The European Competitive Telecommunications Association (ECTA) has reported a significant slow down in Broadband uptake across Europe, falling from 23% to only 7% growth in the half year period before September 2006. ECTA say this slowdown comes at a time when once again Europe is seeing the growth of telecommunication monopolies in key countries, a correlation the association believes is not coincidental.
The ECTA Broadband Scorecard for Q3, 2006, released this week, shows that incumbents have clawed back market share in a number of key markets, including a substantial increase in Europe’s broadband hotspots, Denmark and Finland, as well as in France. Incumbents also maintain control of more than 50% of broadband lines in Spain, Italy, Luxembourg, Greece and Belgium.
Steen Clausen, Managing Director of ECTA, said, “The Scorecard shows that growth has stalled in a number of countries where we have seen the power of the incumbent on the increase, including Denmark and Belgium, which experienced a paltry 3% growth in broadband penetration, and France, which has fallen to 8th place in Europe, well behind the UK. In contrast, in Germany, Deutsche Telekom’s market share dropped below 50% for the first time, corresponding with a surge in growth in broadband penetration.”
Europe includes some of the world’s leading broadband countries. However, its position could be put at risk if regulators do not act to re-enforce competition and open markets, ECTA warned.
Clausen said, “This is extremely disappointing news from some of the countries which have traditionally been at the forefront of Europe’s broadband revolution. Until recently, France was the poster child for broadband with some of the most attractive triple play packages in Europe. It now needs to be vigilant if it is to maintain its position.”
Key findings of the report:
– Total broadband lines increased by 7% in the last six months from 64 million in Q1 to 68.4 million lines in Q3 2006, but growth has slowed dramatically since the previous half year (Q3 2005) where 23% growth was reported
– In the EU15, growth was particularly strong in the UK and Germany (both 15%), as well as in Ireland (30%) and Greece (63%), although in Greece growth is from a particularly low base
– Growth stalled in a number of countries including Denmark and Belgium, which experienced just 4% growth and France, where growth was 10% after a strong performance in 2005. Spain, Sweden and Austria also suffered a slow-down
On the positive side, broadband surged in Germany, where Deutsche Telekom’s retail share fell below 50% for the first time following recent action by the regulator, and in Ireland, where competition also intensified. The UK also exhibited strong growth, driven by entrants’ investment in unbundled local loops.

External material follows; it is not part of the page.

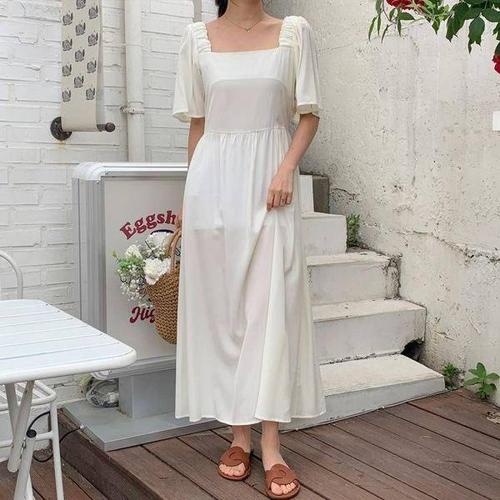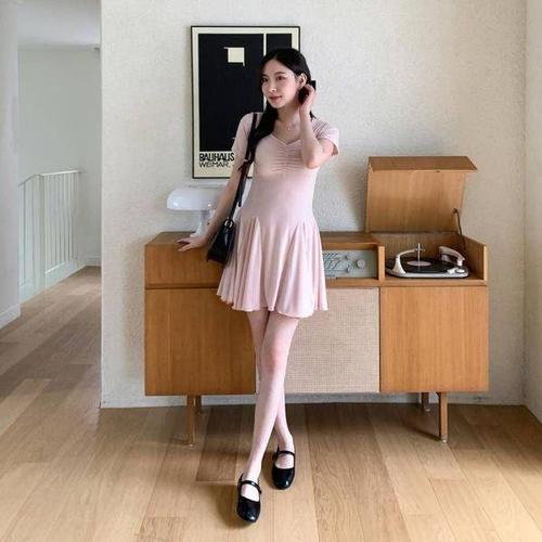 [에이치플러스몰]뷔스티에 여름 하객 베이직 롱니트 트위드 포켓

Clausen said, “It seems that the UK has learnt some of the lessons that propelled France up the league table, and is now reaping those rewards with a multitude of offers to consumers. Germany too is starting to show signs of progress which is very welcome after a slow start.”
The link between increased power for incumbents and stagnation has been confirmed by studies such as SPC Network ‘Broadband Markets in the EU: the importance of dynamic competition’, which concluded that Europe could gain an extra 20 million broadband lines by opening markets further to competition.
Clausen said, “This is a powerful warning for Governments not to protect national champions, either now or for the future. Monopolies have never been good for consumers, and in some industries Governments have to take action to let competition flourish. In energy for example, the Commission is proposing extra measures to open markets to competition. We believe this could provide some valuable lessons for telecoms.”